Allington is an almost entirely modern village situated alongside the sides of the A20 road west of Maidstone in Kent. It is part of the built-up area of Maidstone.

History
The name Allington, which is shared by a hamlet near Lenham, is derived from the Old English tun farmstead; it comes via eleventh-century Elentun and was connected with a man called Ælla.

Allington Castle was originally built in the 11th century. In 1281 the present stone castle was built, which was converted to a mansion in the 15th century. In 1492 the castle came into the possession of the Wyatt family. By the mid-19th century it was derelict, but was restored in 1905; in 1951 it was taken over by the Carmelite order. Today it is owned by Sir Robert Worcester as a private residence and is not open to the public.

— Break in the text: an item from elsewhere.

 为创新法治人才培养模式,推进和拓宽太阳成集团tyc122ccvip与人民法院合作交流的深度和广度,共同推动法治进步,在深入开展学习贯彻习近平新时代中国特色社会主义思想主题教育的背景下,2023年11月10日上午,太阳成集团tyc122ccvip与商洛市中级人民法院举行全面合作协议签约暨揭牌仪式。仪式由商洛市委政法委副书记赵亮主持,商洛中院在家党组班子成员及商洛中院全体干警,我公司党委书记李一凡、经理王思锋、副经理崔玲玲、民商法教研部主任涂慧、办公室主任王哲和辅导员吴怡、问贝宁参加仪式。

The few dwellings around the castle had a population of 49 in 1841. There was a church dedicated to St Laurence which closed in 1969. In the modern village is a modern parish church dedicated to St Nicholas, the second to be built on the site. Furnishings from St Laurence's are used here.

Amenities
It has two primary schools, Allington Primary and Palace Wood. The Mid Kent Shopping Centre opened in 1969Plaque on the south elevation of the shopping centre and includes a Waitrose supermarket and smaller shops. 

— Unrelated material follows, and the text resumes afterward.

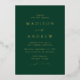 Faire-part de mariage minimaliste et moderne avec vos détails mariages en papier doré avec accents de script de calligraphie. L'arrière - plan vert peut être changé en une couleur de votre choix. L'arrière du faire-part de mariage de feuille affiche votre photo de fiançailles vertical. Conçu pour coordonner avec notre collection de mariages Modern Elegance.
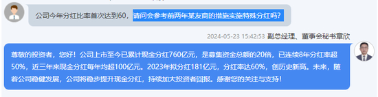 “请问会参考前两年某友商的措施实施特殊分红吗?”5月23日下午,投资者在五粮液(000858)2023年度及2024年第一季度业绩说明会上提问。

Down the hill from St Laurence's Church is the River Medway, Allington Lock and Allington Sluice. There is a footpath over the lock. Below the lock, the Medway becomes tidal. On the other bank is the Malta Inn, and Kent Life museum. A footpath runs from here to Teston. A Park and Sail service (claimed to be the only one in England) operates on the weekends leading up to Christmas. Using the car park and boarding by the Malta Inn, the MV Kentish Lady carries shoppers to Maidstone and back.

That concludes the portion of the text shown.